:: WHAT THE TASK ASKS ::
Within the entries below, output exactly the lines between the line containing "汽锅鸡是云南独有的高级风味菜" and the line containing "Vegan, cruelty-free, QUEWEL", inclusive, and omit any picture.

:: EXTRACTED RECORDS ::
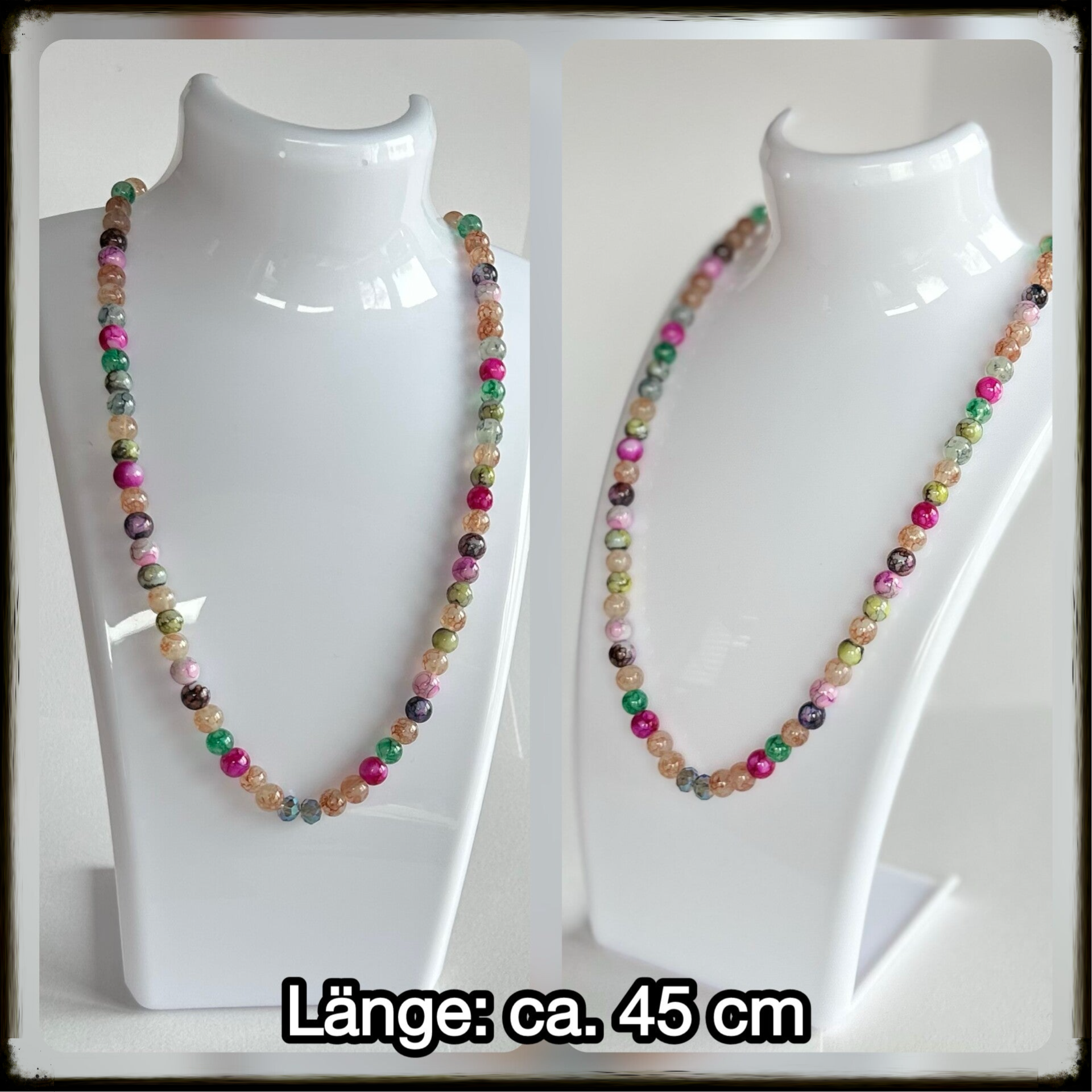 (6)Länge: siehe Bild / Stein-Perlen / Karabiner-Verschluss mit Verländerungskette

---

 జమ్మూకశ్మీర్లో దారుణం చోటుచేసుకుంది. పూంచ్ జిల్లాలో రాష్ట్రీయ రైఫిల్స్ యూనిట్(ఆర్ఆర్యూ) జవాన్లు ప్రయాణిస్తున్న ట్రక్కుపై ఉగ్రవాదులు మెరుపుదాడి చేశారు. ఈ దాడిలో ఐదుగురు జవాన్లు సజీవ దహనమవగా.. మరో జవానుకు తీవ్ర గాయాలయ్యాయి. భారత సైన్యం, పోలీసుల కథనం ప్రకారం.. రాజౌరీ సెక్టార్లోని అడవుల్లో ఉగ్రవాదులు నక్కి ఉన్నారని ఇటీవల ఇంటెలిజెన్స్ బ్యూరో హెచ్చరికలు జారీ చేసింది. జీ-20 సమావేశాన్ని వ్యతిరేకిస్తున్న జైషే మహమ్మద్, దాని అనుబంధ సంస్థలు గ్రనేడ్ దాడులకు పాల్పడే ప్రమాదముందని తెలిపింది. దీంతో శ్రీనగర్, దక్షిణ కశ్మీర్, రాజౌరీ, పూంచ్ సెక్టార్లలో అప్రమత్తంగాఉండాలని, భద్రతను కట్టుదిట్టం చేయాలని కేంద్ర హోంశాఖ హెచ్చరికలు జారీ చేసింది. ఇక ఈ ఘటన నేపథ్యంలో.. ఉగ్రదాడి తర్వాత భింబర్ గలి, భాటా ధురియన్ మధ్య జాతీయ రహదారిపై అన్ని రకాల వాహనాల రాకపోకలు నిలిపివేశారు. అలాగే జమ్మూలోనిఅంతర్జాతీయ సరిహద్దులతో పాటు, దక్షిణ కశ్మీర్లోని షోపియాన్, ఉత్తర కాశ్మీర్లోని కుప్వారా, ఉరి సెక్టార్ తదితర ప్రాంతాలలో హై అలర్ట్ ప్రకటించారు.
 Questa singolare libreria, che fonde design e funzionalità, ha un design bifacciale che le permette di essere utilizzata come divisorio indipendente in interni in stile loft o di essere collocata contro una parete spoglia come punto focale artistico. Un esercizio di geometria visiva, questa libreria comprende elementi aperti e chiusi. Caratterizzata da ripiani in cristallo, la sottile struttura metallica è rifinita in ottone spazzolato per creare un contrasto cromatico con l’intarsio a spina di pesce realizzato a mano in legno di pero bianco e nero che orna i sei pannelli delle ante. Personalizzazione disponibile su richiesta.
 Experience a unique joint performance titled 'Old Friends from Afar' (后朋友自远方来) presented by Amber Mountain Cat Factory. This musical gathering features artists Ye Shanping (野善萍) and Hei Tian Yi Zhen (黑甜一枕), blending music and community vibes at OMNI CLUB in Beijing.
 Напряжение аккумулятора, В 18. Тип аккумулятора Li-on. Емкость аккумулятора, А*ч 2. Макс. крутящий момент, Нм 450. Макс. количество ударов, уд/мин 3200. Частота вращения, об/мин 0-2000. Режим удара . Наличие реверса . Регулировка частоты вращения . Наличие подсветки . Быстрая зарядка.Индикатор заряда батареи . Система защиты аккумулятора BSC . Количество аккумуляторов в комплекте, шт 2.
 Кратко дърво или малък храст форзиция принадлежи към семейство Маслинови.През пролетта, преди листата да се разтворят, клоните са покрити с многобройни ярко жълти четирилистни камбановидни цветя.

...

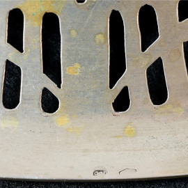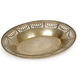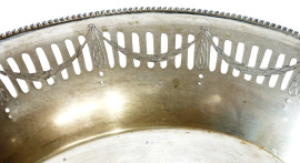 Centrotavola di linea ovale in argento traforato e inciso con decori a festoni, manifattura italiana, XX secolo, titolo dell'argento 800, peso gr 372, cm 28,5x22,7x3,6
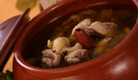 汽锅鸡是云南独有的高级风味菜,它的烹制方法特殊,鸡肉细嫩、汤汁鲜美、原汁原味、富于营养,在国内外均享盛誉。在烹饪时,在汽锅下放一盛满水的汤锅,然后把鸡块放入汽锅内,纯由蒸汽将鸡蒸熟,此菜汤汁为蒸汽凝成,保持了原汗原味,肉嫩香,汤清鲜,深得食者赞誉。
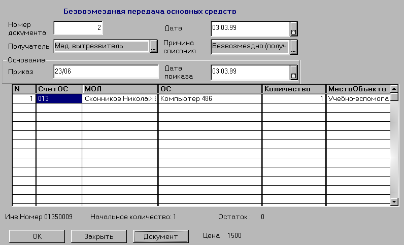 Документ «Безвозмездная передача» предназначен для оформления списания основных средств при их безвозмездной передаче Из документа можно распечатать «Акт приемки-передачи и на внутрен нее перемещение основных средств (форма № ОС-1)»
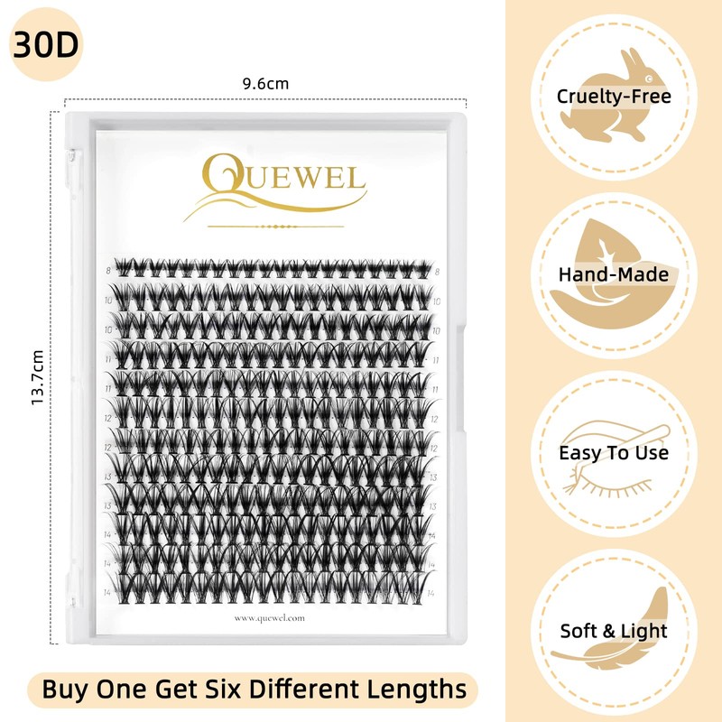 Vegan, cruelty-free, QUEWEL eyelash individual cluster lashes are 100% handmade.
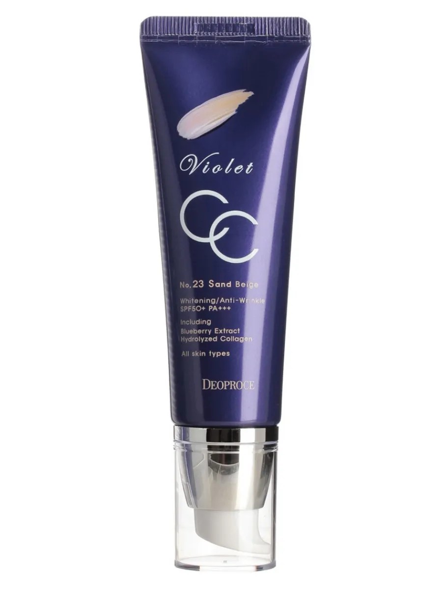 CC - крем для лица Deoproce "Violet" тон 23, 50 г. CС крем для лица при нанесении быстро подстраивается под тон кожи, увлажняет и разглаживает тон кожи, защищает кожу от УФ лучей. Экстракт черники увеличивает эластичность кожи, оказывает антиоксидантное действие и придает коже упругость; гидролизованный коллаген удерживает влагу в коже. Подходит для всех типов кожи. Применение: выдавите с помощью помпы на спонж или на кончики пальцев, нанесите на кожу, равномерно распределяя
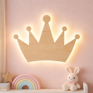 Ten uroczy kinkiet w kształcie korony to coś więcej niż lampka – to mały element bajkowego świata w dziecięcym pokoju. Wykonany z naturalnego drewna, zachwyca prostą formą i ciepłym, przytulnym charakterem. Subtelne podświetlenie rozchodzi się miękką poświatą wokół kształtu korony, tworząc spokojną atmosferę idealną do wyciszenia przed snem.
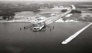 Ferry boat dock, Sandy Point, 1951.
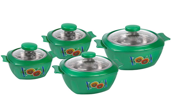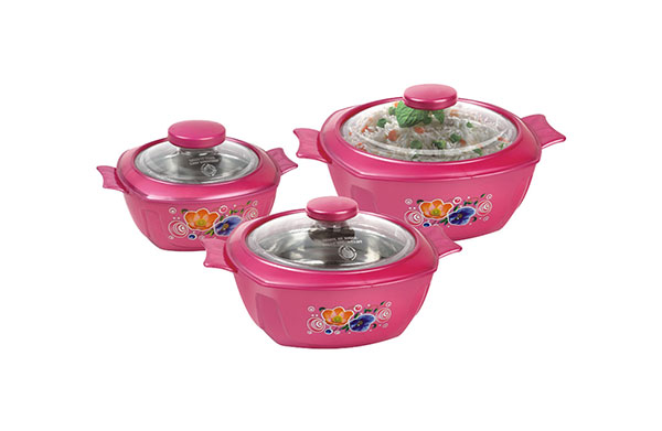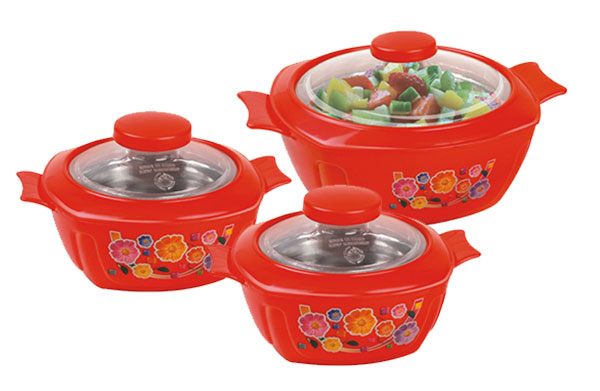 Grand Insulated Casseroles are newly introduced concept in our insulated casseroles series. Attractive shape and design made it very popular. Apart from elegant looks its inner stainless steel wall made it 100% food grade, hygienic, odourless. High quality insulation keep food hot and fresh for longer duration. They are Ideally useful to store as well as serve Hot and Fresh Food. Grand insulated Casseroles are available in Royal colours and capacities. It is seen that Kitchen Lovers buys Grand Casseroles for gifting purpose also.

:: SOLUTION TO THIS TASK ::
 汽锅鸡是云南独有的高级风味菜,它的烹制方法特殊,鸡肉细嫩、汤汁鲜美、原汁原味、富于营养,在国内外均享盛誉。在烹饪时,在汽锅下放一盛满水的汤锅,然后把鸡块放入汽锅内,纯由蒸汽将鸡蒸熟,此菜汤汁为蒸汽凝成,保持了原汗原味,肉嫩香,汤清鲜,深得食者赞誉。
 Документ «Безвозмездная передача» предназначен для оформления списания основных средств при их безвозмездной передаче Из документа можно распечатать «Акт приемки-передачи и на внутрен нее перемещение основных средств (форма № ОС-1)»
 Vegan, cruelty-free, QUEWEL eyelash individual cluster lashes are 100% handmade.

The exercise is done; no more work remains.